The Coming Delisting Wave

The Financial Times is reporting that ICI, the U.K. chemicals company, will delist its American Depositary Receipts from the New York Stock Exchange.  The company expects the delisting to occur on or about June 18 immediately after it deregisters its securities under the Exchange Act.   ICI will remain listed on the London Stock Exchange, but ICI will also issue American Depositary Shares on OTCQX, a new quotation system launched by the Pink Sheets, the U.S. over-the-counter market home to many a penny stock.

Expect to see more announced delistings from U.S. stock markets by foreign issuers in the next few weeks.  This is because the SEC's new rules liberalizing the ability of foreign issuers to deregister their securities and terminate their reporting requirements under the Exchange Act take effect on June 4.  Prior to this rule, the Exchange Act was a lobster trap -- deregistering equity securities and terminating or suspending reporting requirements once these securities had been registered was prohibitively difficult if not impossible.  Now, under the SEC's new rules if the average daily U.S. trading volume of a foreign issuer is 5 percent or less of its worldwide trading volume it can freely deregister and terminate its Exchange Act reporting requirements.  To do so, however, the foreign issuer must also delist its securities from the U.S. stock market (i.e., Nasdaq or NYSE). 

So, the new rules will release pent-up demand of foreign issuers who previously desired to deregister their securities and now do so.  Most if not all of these issuers will cite Sarbanes-Oxley to justify the termination of their listing.  But don't always believe it.  These issuers originally listed in the United States for a variety of reasons, and for many a delisting will simply mean the reasons no longer exist (and probably haven't for a long time).  For example, many a foreign high-tech company listed on the Nasdaq during the tech bubble seeking the extraordinary high equity premium accorded Nasdaq-listed tech stocks.  Post-crash, many of these foreign companies still exist but are much smaller or have remained locally-based and a foreign listing is no longer appropriate for them.

All-in-all, though, the rules are a step in the right direction.  Permitting foreign issuers to more freely delist will encourage them to experiment with a U.S. listing in the first place.  The SEC would also do well to take the next step and consider whether all foreign listings need to be regulated at the current level.  Does the SEC really need to regulate ICI to begin with?  It is, after all, regulated by the FSA and LSE in England.  A mutual recognition system for issuers listed in foreign countries who provide an acceptable level of regulation would go a long way to making the U.S. more competitive in the global listings market.  It would also provide greater access for U.S. investors to foreign investments.  Both good things. 

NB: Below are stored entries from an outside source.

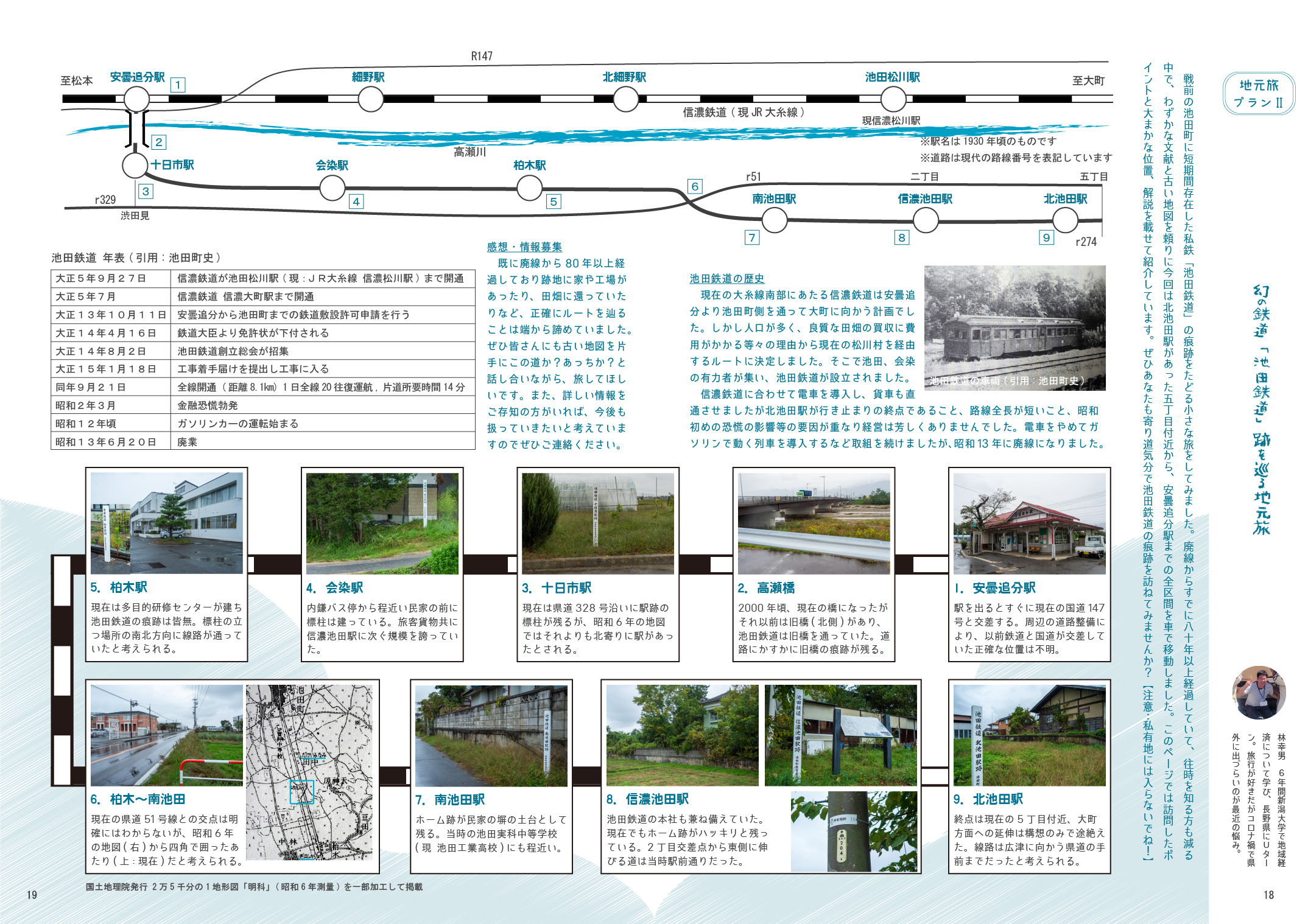 毎号、特集を組んで楽しみながら地域について学べる記事も掲載しています。この記事は、池田町に昔あった鉄道路線「池田鉄道」の名残を探す地元旅の紹介記事。新型コロナウイルスの流行で遠方に出られなくても、地域をまなざす角度を変えることで発見や驚きがあることを発信しました。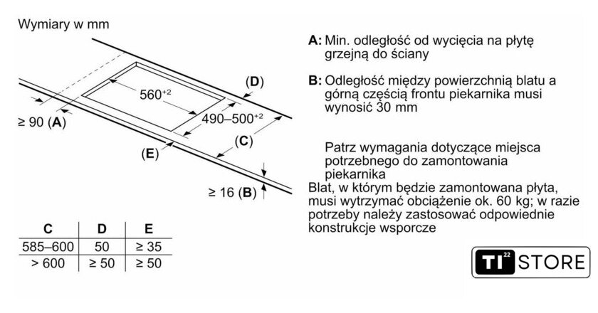Размеры ниши для встраивания |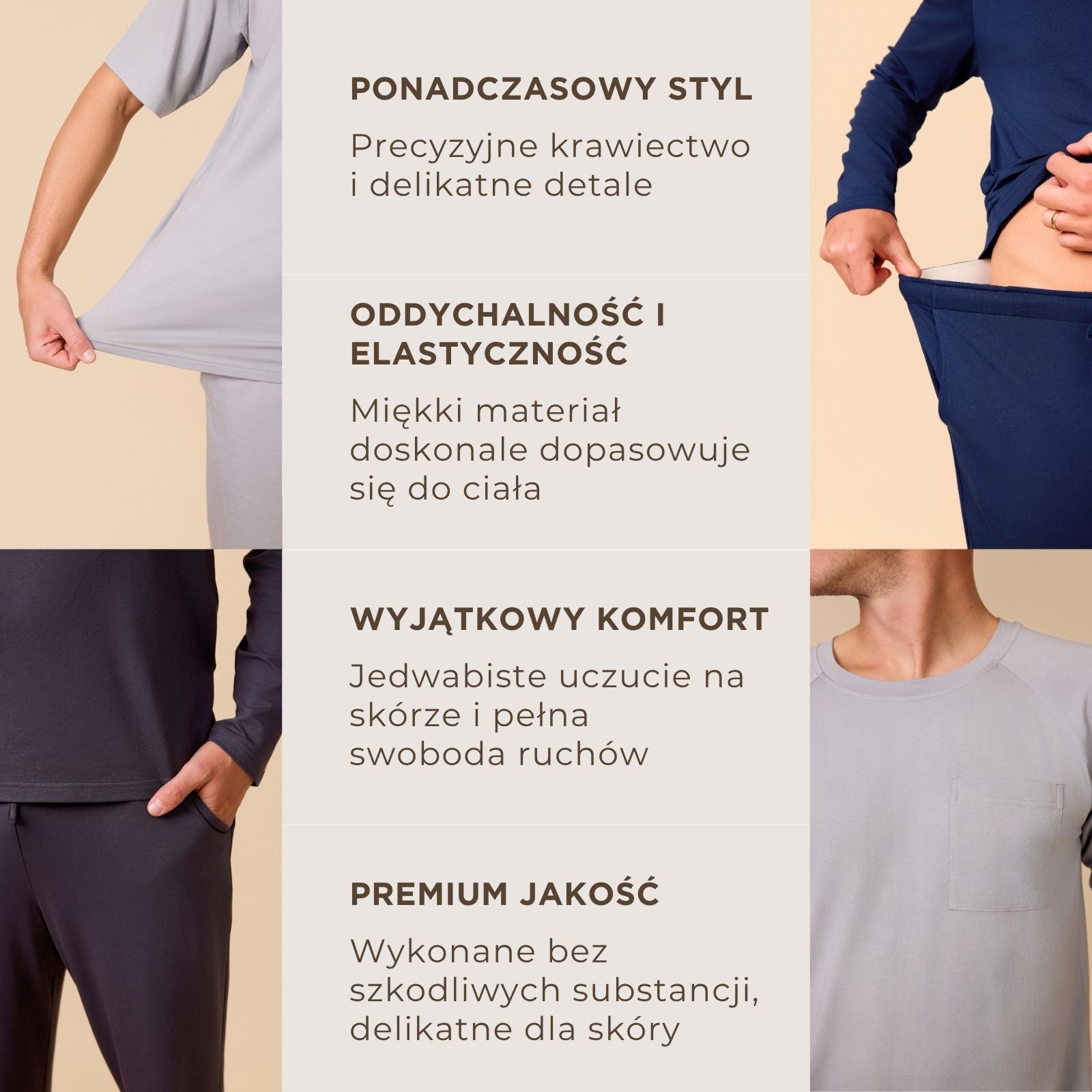 - Harmonia naturalnych materiałów – wiskoza bambusowa i bawełna zapewniają naturalną ochronę antybakteryjną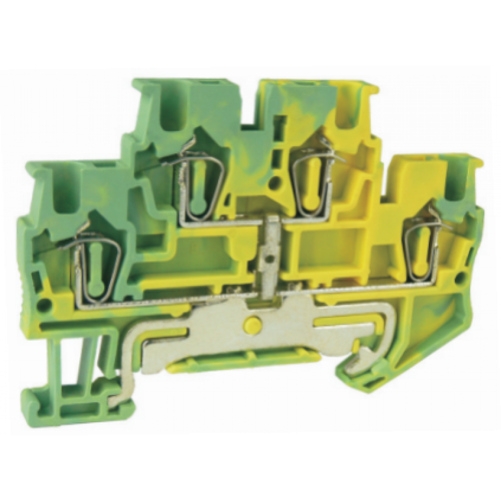 Заземляющая этажная клемма, 2 этажа, тип фиксации провода: пружинный, номинальное сечение: 1,5 мм кв., ширина: 4 мм, цвет: желто-зеленый, тип монтажа: DIN35

NB.  The ICI planned listing on the Pink Sheets highlights this problem.  The Pink Sheets is not a stock market, but rather a bulletin board where shares are quoted -- trading on this market is often illiquid and spreads Texas-wide.  Yet, the SEC freely permits foreign companies to quote their shares here under the Exchange Act Rule 12g3-2b exemption.  I am at a loss to explain why this is appropriate yet not a freer stock market listing regime in the U.S. markets for foreign issuers; one that permits these foreign issuers to list on the NYSE or Nasdaq.  Especially since the latter would provide U.S. investors more efficient access to foreign stocks and permit the United States to more easily attract these listings.